The Leeds Castle Leadership Programme is a unique skills development opportunity that breaks local government convention by targeting both chief executives and political leaders.

The initiative customises the learning so those taking part can apply the knowledge when they return to their authorities to their real-life issues.

Designed to compete on the world stage, the faculty delivering the nine-day programme is made up of the very best minds in the world: including Adam Kahane whose achievements include facilitating high-stakes problem-solving efforts in South Africa during the transitional period when the Apartheid system was breaking down, in Columbia during the Civil War, in Argentina during the collapse, in Guatemala after the genocide, in Israel and Palestine, Northern Ireland, Cyprus and the Basque country.

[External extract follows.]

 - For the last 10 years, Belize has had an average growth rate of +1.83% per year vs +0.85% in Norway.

Adam will work with the cohort of 20, split equally between chief executives and leaders, to tackle their toughest of problems, focussing on community cohesion, selected by the participants as the hottest of topic in English local government.

The programme, developed by the Leadership Centre’s director of leadership Tom Irvine and Cranfield University’s professor of defence leadership Keith Grint, will take place at Leeds Castle in Kent, and is split into three parts over three days between March and July 2007.

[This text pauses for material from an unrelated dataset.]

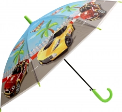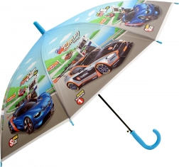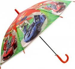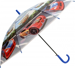 Vælg mellem flere varianter af farver og design med biler. Paraplyen har sikre spidser på stængerne og et ergonomisk håndtag for et sikkert greb.

Tom, who is leading the programme, said: “This is a one-off opportunity for local government leaders. They will be exposed to people at the very peak of their profession working on the major issues of the day and scenarios of the future. They will gain personal insights.

“I’m confident this experience will have a resounding effect on the sort of leaders the participants become. Not least the graduates of this programme will collectively raise the bar for the entire sector, within their local authorities, and across their localities, creating great places that in turn improves the lives of local people.”

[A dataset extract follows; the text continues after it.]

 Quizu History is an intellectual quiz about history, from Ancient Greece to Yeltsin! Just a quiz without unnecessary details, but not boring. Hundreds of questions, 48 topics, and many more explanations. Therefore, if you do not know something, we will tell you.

The cohort was suggested by Lord Bruce-Lockhart, SOLACE director general David Clarke, and IDeA executive director Lucy de Groot.

Participants will get the chance to discuss major global concerns such as climate change with the foremost experts in the field. They’ll discuss how to effectively influence the policy agenda, discuss future policy options, the future of local government, explore leading major change, and consider how to remake political parties as great civic institutions.

The cohort will improve their personal effectiveness as leaders with a session taken by specialists from RADA that will illicit how to get the very best out of their voice, body language and presence to enhance leadership impact.

Other well-known names contributing include: director of the Young Foundation and former head of policy to the Prime Minster Geof Mulgan, former chief advisor to the Prime Minister’s Delivery Unit Sir Michael Barber, author of Building Jerusalem: the Rise and Fall of the Victorian City Dr Tristram Hunt, the Bishop of Southwark the Rt Rev Dr Tom Butler, president of the European think tank European Muslim Network professor of Islamic studies Tariq Ramadan, Ipsos MORI public affairs managing director Ben Page.

The Leadership Centre is planning two more programmes for a further 40 participants.